人が、自分の価値観=過去の生理的欲求充足の経験の蓄積に照らして、ある人を評価し、選別することに安住している時、主に青年期の性的なめざめから、一緒にすごしたいという欲求が先に生まれて、それを全面的に肯定する方向で、自らの価値体系が覆るプロセスを恋という。作家のスタンダールが表現した結晶作用。

好きな物=価値観は、本来、生理的欲求充足の経験の蓄積によって生まれるが、現在目の前に欲するものがあり、その欲するものを表象し、連想させるものが全て自分にとって好きな物として感じられるようになる現象が恋である。そして自らの精神構造における価値観を転覆し、その人を愛したいと思うようになる。成就すればよいが、グッドラックを祈るのみ。山田詠美さんの作品群が参考文献となる。

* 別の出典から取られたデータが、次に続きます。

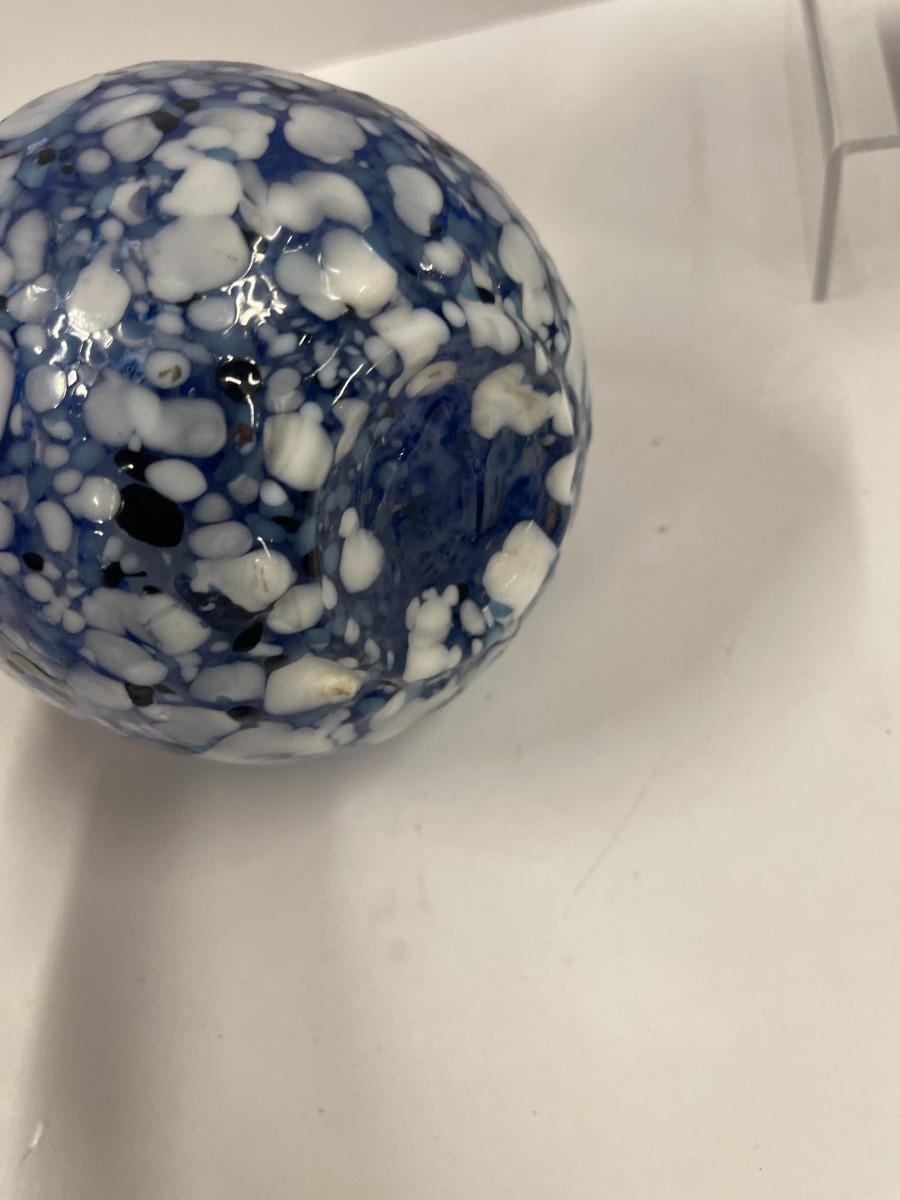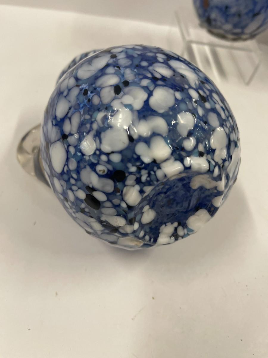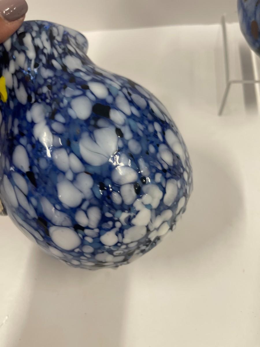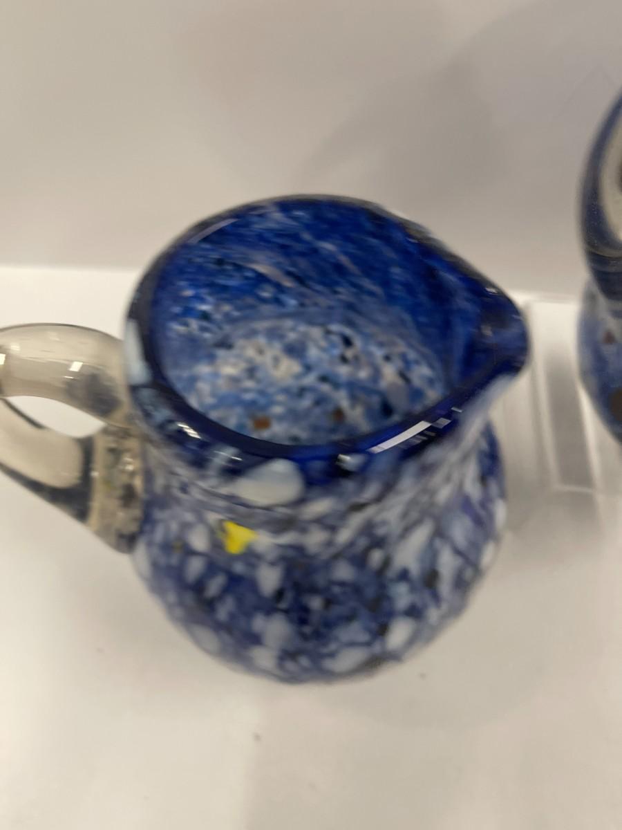 Lot of 2 hand made blue and white art glass pitchers. Each is fairly small at about 5 1/2" tall. Both in very good condition; no chips, cracks or broken pieces.

大切なことは、人は性欲を満たすためだけに生きているわけではなく、愛するということは、生活の糧を得るために労働によって社会参加することをも意味し、子供を産み育てることなど、生活全般で生きるために力をあわせることを意味している。そして恋する人と結ばれたいと思うことは自然な感情であり、相手を求める気持ちは、動機不純ではない。

弱小動物たる人が、生きるための必然性をもって協力し合うことが愛するということであり、愛し合うことで、新たな好きな物=価値観が生み出されることも意識したい。